The pacing of the movie is very quick and the laughs, while never gut-busting, come often enough to keep you amused. It just frequently seems there are opportunities missed. Rather than centering so much on the romantic comedy angle, a better movie might have been made that centers on G-Girl. With so many superhero movies coming out recently, it would seem that the genre would be ripe for more satire than this movie provides. The best jokes are those that focus on this part of the story, such as when Jenny refuses to stop a missile heading for New York because it would mean that she would have to leave Matt and Hannah alone together.

A good effort by those involved, but I was hoping for more.

Reviewed on: July 25th, 2006
Luke Wilson and Uma Thurman in My Super Ex-Girlfriend.

Luke Wilson and Uma Thurman in My Super Ex-Girlfriend.

My Super Ex-Girlfriend, for the most part, delivers the goods. It is a great romantic comedy/super hero satire. Most movies show the woman as a victim of a thoughtless man. Here we have the man as a victim of a dominating woman. A very dominating woman.

Thurman is the best thing about the movie. It is perhaps her best role to date. Like her previous venture into super hero movies as Poison Ivy/Pamela Isley in Batman and Robin, 1997, she gets to play duo roles. One is a glasses wearing, mild mannered Jenny and the other is the chic blonde G-Girl. Thurman has good comic timing and should definitely do more comedies.

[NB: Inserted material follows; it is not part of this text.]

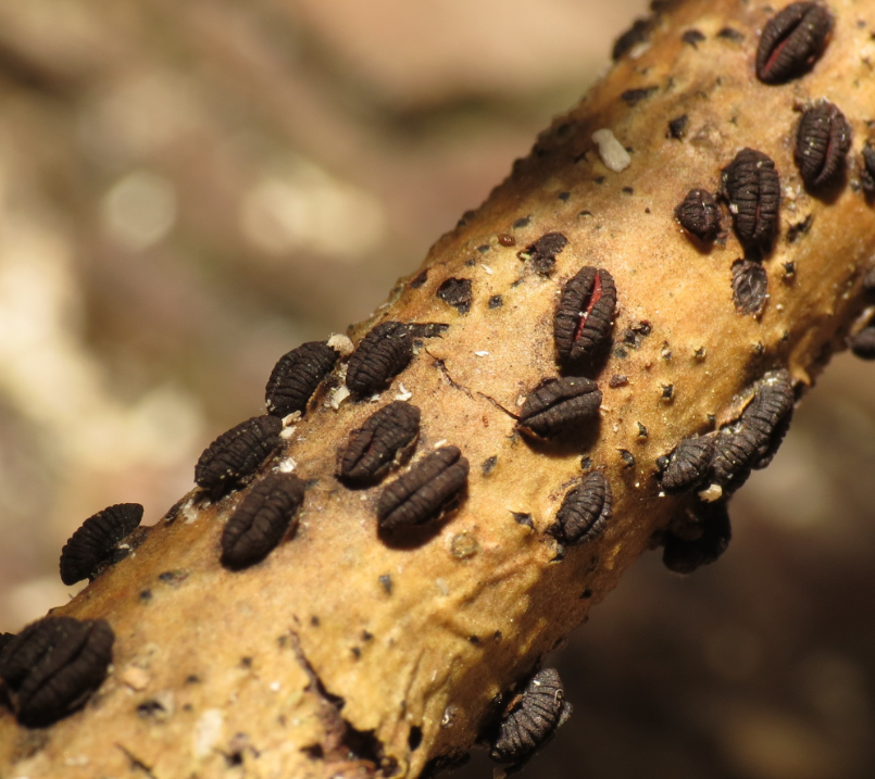 La especie Rhytidhysteron rufulum, tiene la capacidad de desarrollarse en una amplia variedad de plantas hospederas, incluyendo especies pertenecientes a las familias Boraginaceae, Cannabaceae, Fabaceae, Nyctaginaceae y Rutaceae.

Wilson is as bland as ever. Why, the hell, does anyone keep putting him into movies? He adds nothing. Anyone could have played this role and many people could have done better. Imagine Ben Stiller or Luke's brother, Owen, in his role. Either one would have brought more humor and charm to the thankless role. G-Girl rides Matt so roughly during sex that she breaks the bed. Afterwards she says, "I'll get you a new one." To which he asks, "A new bed, or a penis?" It is not a bad line, but Wilson's dull delivery drains the humor right out of it.

My Super Ex-Girlfriend is a good date movie. It sneaks in some interesting questions about sexual roles. Lois Lane is never scared when Superman flies with her, but Matt is scared shitless when G-Girl flies with him. What's up with that?